This is more than a property transaction
Diana Hampson, director of estates and facilities added that dialogue with the selected bidders would resume, perhaps as video calls: “This is more than a property transaction. ID Manchester will create a new, world-class innovation district situated in the heart of Manchester and alongside the university.”
ID Manchester: the vision
The innovation district would become a “new neighbourhood” to drive economic growth and has the potential to create over 6,000 new jobs. It sits adjacent to Manchester Piccadilly Railway Station on a site that offers one of the last major development opportunities in the city.
There are 4 million square feet (370,000 square metres) available for the development. This includes the 650,000 square feet (60,000 square metres) Grade II-listed Sackville Street Building.
Indicative plans suggest 2.6 million square feet (240,000 square metres) of the site could become new work space, with three acres (1.2 hectares) available as “high-quality public realm”.
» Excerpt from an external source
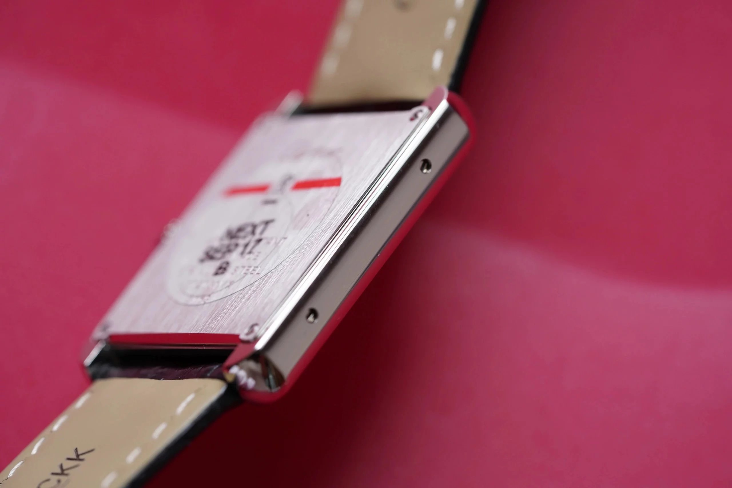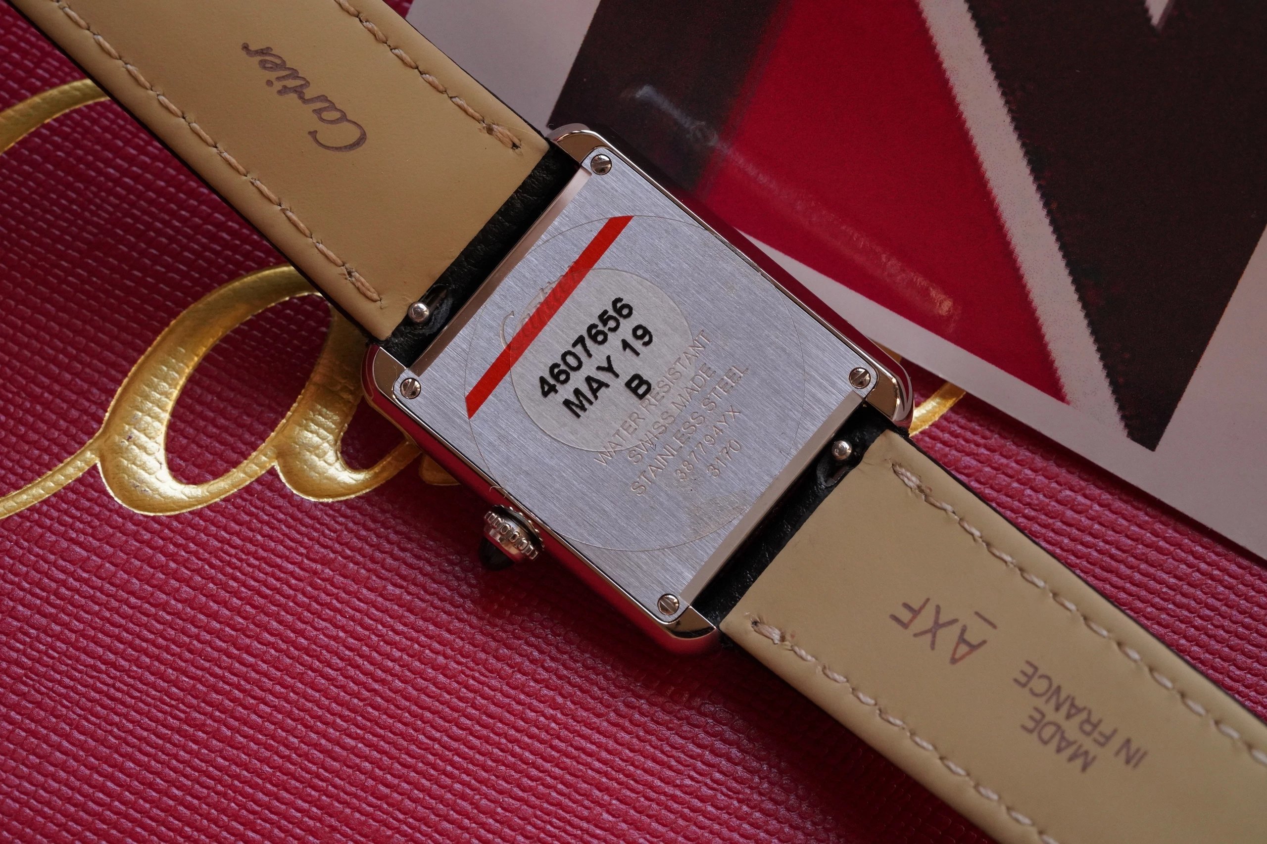 不透底設計,精鋼材質的底蓋,拉絲痕跡細膩明顯,上面的卡地亞英文字母以及其他字母深刻有力,一表一碼,絕不重複。底蓋用四顆一字口螺絲固定,分佈在四個角上,和表殼結合緊密,滿足平時的防水。
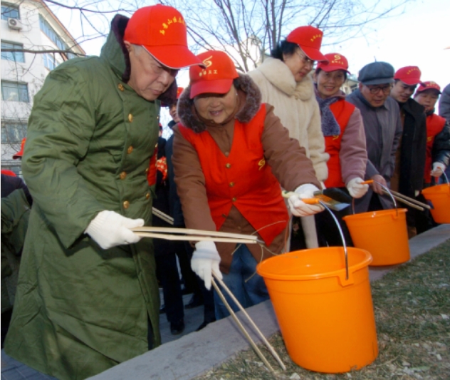 2005年12月5日,世界第二十個國際志愿者日當(dāng)天,周鐵農(nóng)在北京石景山區(qū)魯谷社區(qū)參加社區(qū)志愿服務(wù)活動,和其他幾位義工一起清除草坪中和人行過道上的雜物。新華社記者 王建華攝

ID Manchester builds on the university’s track record in nurturing and developing businesses through its R&D facilities – since 2004 it has contributed £746 million to the economy.
Diana Hampson said: “Our vision draws on Manchester’s ecosystem of ideas, discovery, research and development, and ID Manchester will provide the canvas on which all those strands can come together to take urban regeneration to a whole new level.
“ID Manchester will be where our most valuable discoveries today, are tried, tested and developed into the technology, buildings and commerce of tomorrow.”